Market Risk Report as of May 8, 2023

From Chief Investment Officer Tom Veale,

The “Turners” of old couldn’t out perform the tumbling act the markets have been doing lately. Even so, market risk remains flattish as we watch the indexes jump and cartwheel. This week comes in steady with three components falling and one rising. Our Divergence Index shows confusion among investors while our Speculation Index indicates most speculative cash is on the sidelines.

Good earnings reports and a flat market has helped to bring down the Value Line median Price to Earnings ratio a bit. That has helped balance against the rising Short Term Treasury rate (now 5.274%/yr). The 10 Year Treasury is still stuck at 3.5%/yr giving the ‘yield curve’ its troubling inverted shape.

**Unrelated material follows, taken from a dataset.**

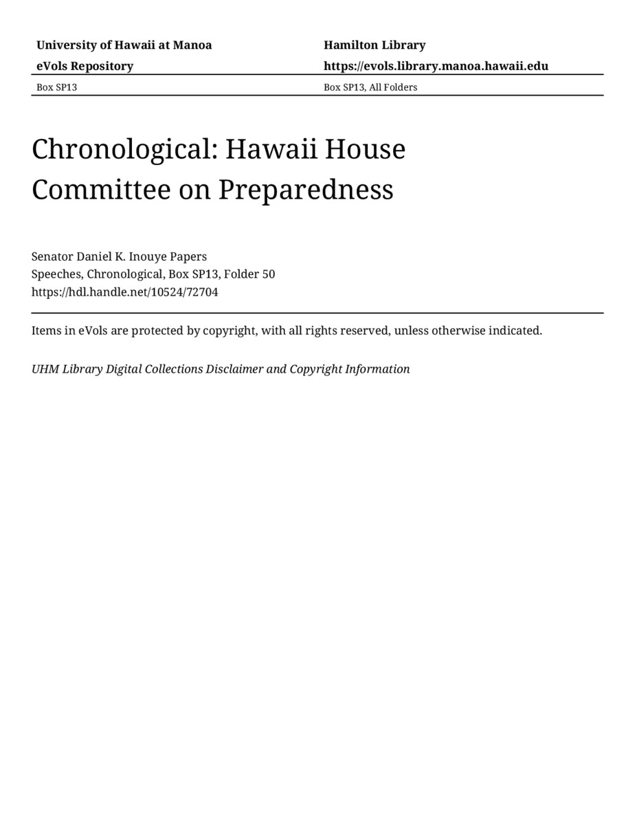 Hawaii House Committee on Preparedness, April 21, 2003, MANUSCRIPT-HCPC00011, Speeches, Chronological, Box SP13, Folder 50, Senator Daniel K. Inouye Papers, Hawaiʻi Congressional Papers Collection, University of Hawaiʻi at Mānoa Library, Honolulu, HI. https://congressarchives.org/catalog/10524_72704 (accessed March 18, 2026).

Last Friday’s impressive rally probably helped “long” investors feel better over the weekend while those “short” the markets might not have slept as well. Our Portfolio Strategies have been quiet in activity as the markets have sorted things out. A view of the latest 12 Months shows significant differences by Business Sector:

We remain vigilant, watching for both inventory and profit opportunities.

Best regards,

Tom Veale

The MRI comes in again this week at 32 with an MRI Oscillator of minus 1. The Relative Valuation Index and the Divergence Index both are in their cautious territories while Speculation is neutral. The IPO/New Issues Index shows very little activity and is in its proactive range.